Watch Now: Roanoke police release body camera footage of June officer-involved shooting

RPD Moorman Officer-Involving Shooting Still

A photo still from body camera footage released Monday by the Roanoke Police Department. In a recent overview, Commonwealth’s Attorney Don Caldwell said the gunfire began June 25 when a man running from officers turned his upper body while still fleeing and fired a gun.

A segment of body camera footage showing the June 25 officer-involved shooting outside the Ashton Heights apartment complex. In an overview released Nov. 9, at the conclusion of an outside investigation, Commonwealth's Attorney Donald Caldwell said the gunfire began when Rasheed Mathew Moorman was fleeing from police, turned his upper body while still running and began firing a handgun. The police returned fire. Caldwell concluded the police acted in self-defense.

This clip shows the first 30 seconds of the full video, which is nearly 3 minutes long, ending just before Moorman was shot. Following the normal-speed video is slow-motion version of the last several seconds of the clip.

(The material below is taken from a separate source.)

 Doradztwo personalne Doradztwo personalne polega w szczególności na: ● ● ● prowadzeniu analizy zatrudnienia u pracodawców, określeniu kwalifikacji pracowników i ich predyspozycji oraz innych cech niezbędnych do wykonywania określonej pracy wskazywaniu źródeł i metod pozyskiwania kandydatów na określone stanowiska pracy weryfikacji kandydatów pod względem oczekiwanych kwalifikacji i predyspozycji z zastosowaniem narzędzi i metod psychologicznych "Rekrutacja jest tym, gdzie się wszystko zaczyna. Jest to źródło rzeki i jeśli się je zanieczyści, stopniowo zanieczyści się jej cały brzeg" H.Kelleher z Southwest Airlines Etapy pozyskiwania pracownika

Body camera footage documenting last summer’s officer-involved shooting in Roanoke was released Monday in response to media requests.

The Roanoke Police Department, citing the importance of transparency, agreed to release the video after the conclusion of a months-long outside investigation conducted by the Virginia State Police and reviewed by the commonwealth’s attorney.

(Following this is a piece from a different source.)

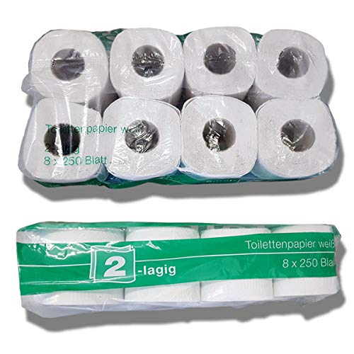 Past in gangbare dispensers: Lagen: 2-laags, 250 vellen per rol, materiaal: Recycling – natuurlijk wit, geen goedkoop donkergrijs papier – snelle verzending VE: 33 x 64 rollen (8 x 8 rollen in verpakking)

The investigation concluded that the shooting was an act of self-defense as officers came under fire during the events that unfolded on the afternoon of June 25 outside the Ashton Heights apartment complex.

The gunfire happened after officers attempted to approach two men, one of whom was wanted for questioning in an earlier shooting at the same complex, according to a Nov. 9 overview issued by Commonwealth’s Attorney Donald Caldwell.

The men began running and the police pursued. Officer J.P. Bourgeois chased the second man through a breezeway of one of the apartment buildings, where he saw the man had a handgun, Caldwell wrote.

The officer yelled to drop the gun, Caldwell said, but the man kept running and later turned and started firing.

The body camera footage, reviewed by The Roanoke Times at both regular and slowed speeds, appears to match that account.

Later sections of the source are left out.